Все утро следующего, субботнего дня было посвящено срочно созванной учительской конференции, проходившей на редкость торжественно. Господин Грапп организовал ее, дабы обсудить причины растущего беспокойства преподавателей в связи с недавними событиями, резкой враждебностью учащихся и их взволнованных родителей. Это было весьма тягостное мероприятие для Жана Кальме, который молча боролся со своим комплексом вины, сидя в глубине зала с деревянными панелями, голого и строгого, как протестантский храм. На стульях, выстроенных рядами, как в театре, с мрачным видом восседало около сотни его коллег.
Даже самые молодые держались крайне серьезно и напряженно. Все присутствующие либо были женаты, либо собирались жениться в скором времени; сидевшим тут же нескольким преподавателям женского пола брак уже явно не грозил. И только он, Жан Кальме, соперничал в любви к студентке Школы изобразительных искусств с одним из собственных учеников. Шум в зале. Грохот отодвигаемых стульев. Ровно в восемь часов четырнадцать минут вошел директор, и в зале настала мертвая тишина. Господин Грапп уселся за большой стол в президиуме, среди деканов. Секретарь деловито раскладывал свои бумаги.
* * *
Господин Грапп вел собрание громким уверенным голосом, и воспоминание о недавнем подвиге придавало его речам еще большую убедительность. По мере того как он говорил, разбирая случившееся, анализируя обстоятельства, оценивая реакцию властей и участников события, его магическое воздействие на аудиторию заставляло утихнуть самых ярых скептиков-леваков; смешки и остроты мало-помалу сменялись озабоченностью. Грапп был депутатом Государственного совета, полковником генерального штаба, он умел подчинять себе слушателей, а его внушительная стокилограммовая фигура (вдобавок он говорил стоя) окончательно подавляла собравшихся, отбивая у них охоту протестовать. Жан Кальме, с трудом скрывая панику под бесстрастной личиной, мысленно измерял ширину пропасти, отделявшей его от этого великана и большинства коллег. Все они стояли на страже порядка, не допускавшего ни малейших отклонений от нормы. "Что же я такое? — вопрошал себя Жан Кальме.

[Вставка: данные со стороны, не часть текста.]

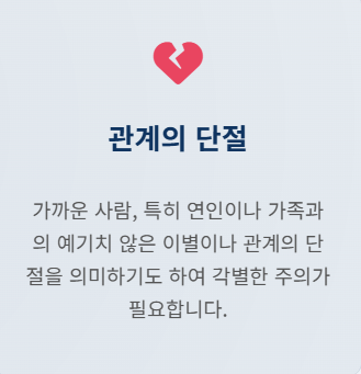 특히 가까운 사람과의 관계에서 갈등이 생기거나, 직장이나 조직에서 불명예스러운 일을 당할 수 있으니 조심해야 합니다. 예기치 않은 이별이나 단절을 의미하기도 합니다.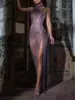 Robe de soirée sexy à paillettes, col licou, coupe cintrée, sans manches, élégante, fendue, pour femmes, vêtements de fête, nouvelle collection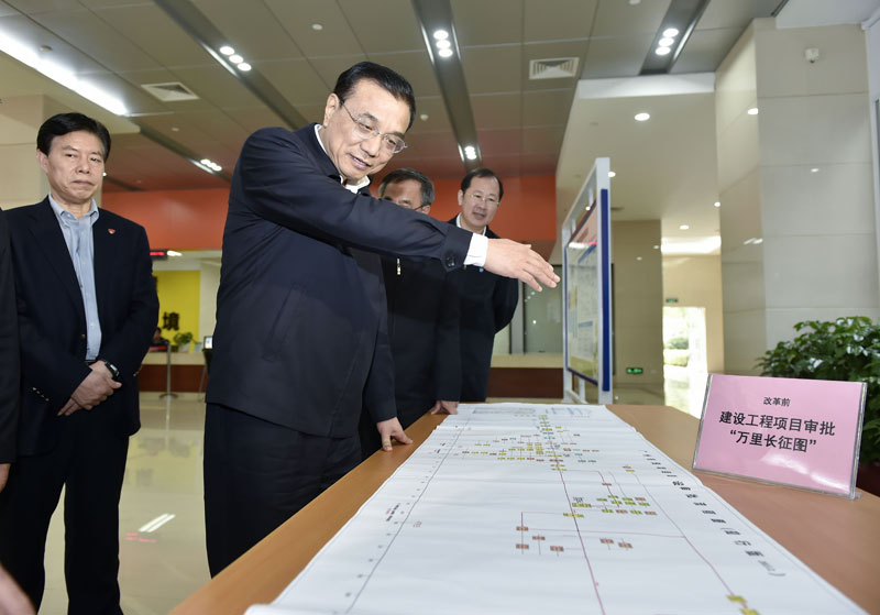 图片说明:“这些多余的审批项目都该‘打叉’!把它送进历史。”2015年1月5日,李克强在广东自贸区南沙片区,指着一张长4米、耗时近800天的投资项目审批流程图说。得知改革后审批时间缩短为原来的1/5,总理说,“万里审批图”制约市场活力,容易滋生腐败。广东要继续先行先试,为“三规合一”等改革探路。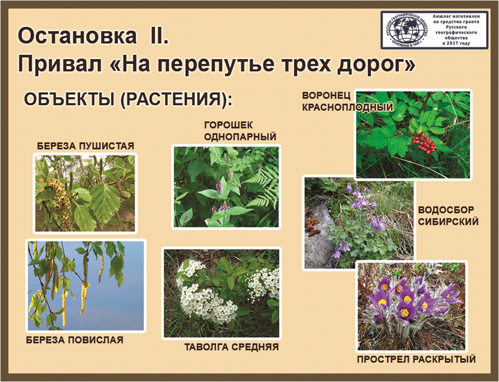 Следующая остановка – "На перепутье трех дорог". Здесь вы познакомитесь с растениями Усть-Кутского района, занесенными в Красную книгу, а также с редкими экземплярами нашей флоры.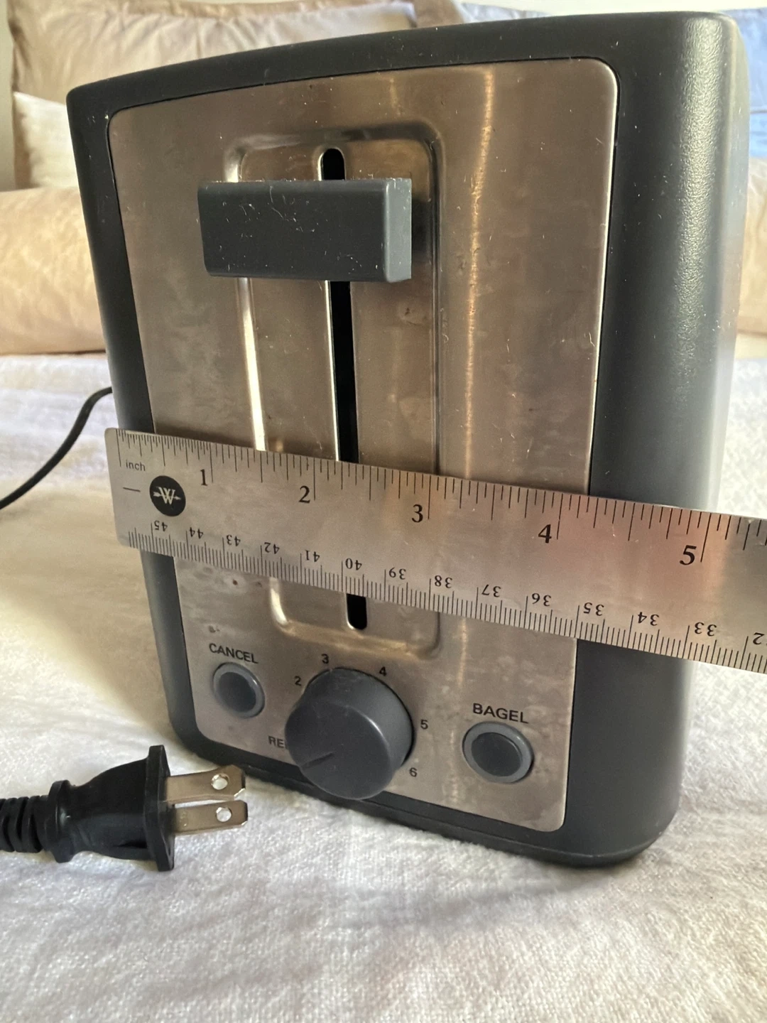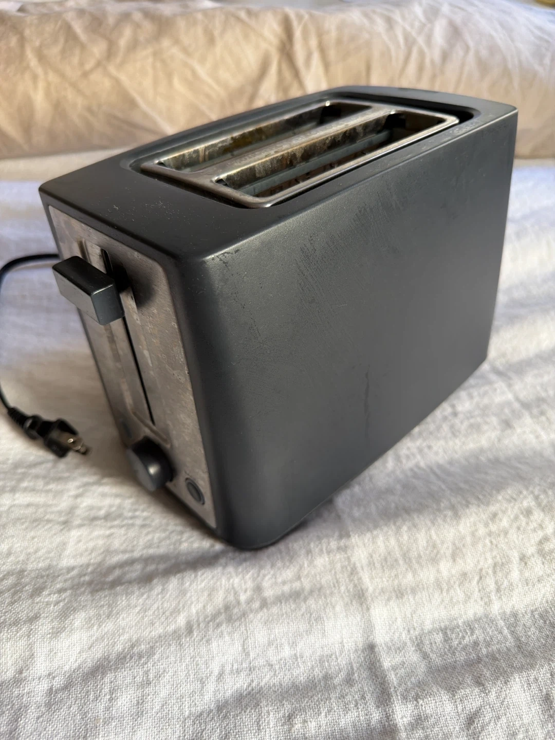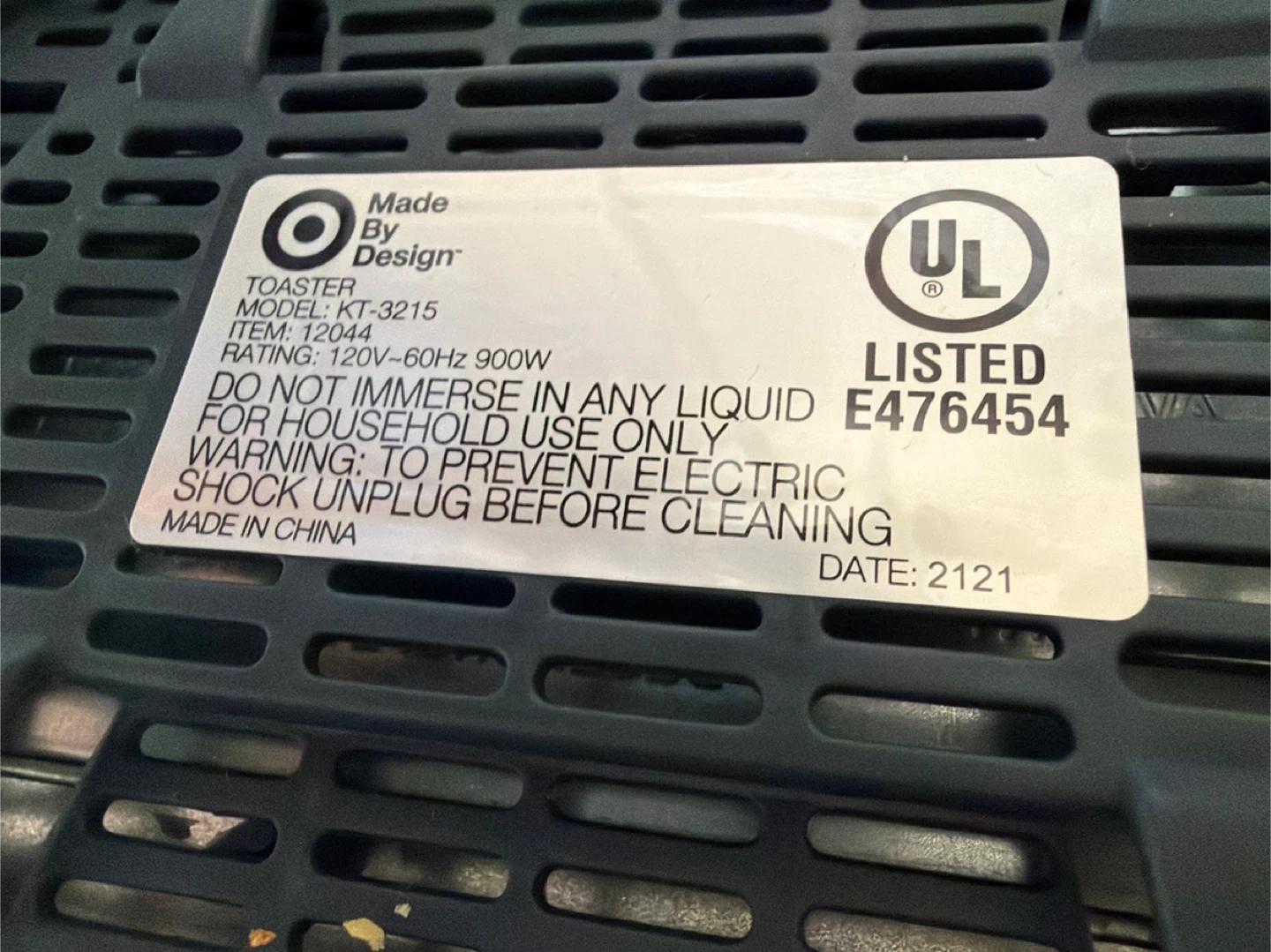 This is a Made By Design 2-slice toaster, model KT-3215. It operates on 120V-60Hz and has a 900W rating. The toaster is made in China. It includes a bagel setting and a cancel button. Still in great condition, just needs to be cleaned. Only selling because we received a new toaster as a wedding gift. Still works great.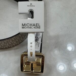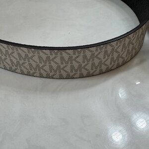 Stylish Michael Kors reversible belt with beige monogram design. Features gold buckle. Ideal for any outfit.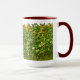 UM CAMPO DE GIRASSÓIS ADORNA ESTA CANECA DE CAFÉ.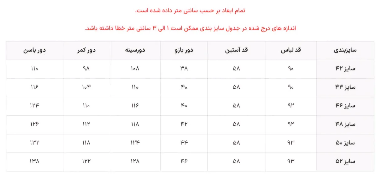 ✅سایزبندی : شامل 42-44_46_48_50_52

— Я блуждаю во мраке. Я путаюсь. Я сбиваюсь. Я теряюсь. За все это меня презирал отец.
Я люблю девочку, которая в два раза младше меня. Я оспариваю ее у собственного ученика. Одного этого достаточно, чтобы навеки покрыть себя позором перед моими товарищами и «священным синодом» Департамента образования. Да и девушка хороша! Вульгарна, распущенна, весьма свободного поведения. Нечего сказать, прекрасный выбор! Что же я делаю среди этих людей? Ведь я их обманываю. И буду за это наказан. Почему Грапп не сводит с меня глаз? Почему они все оборачиваются ко мне? Наверное, видят, что я боюсь. Наверное, я позеленел от страха, от сознания мерзости своих делишек. Хотя, собственно, чем они так уж мерзки? Терезе как-никак девятнадцать. Сам я холостяк. Разве это возбраняется законом?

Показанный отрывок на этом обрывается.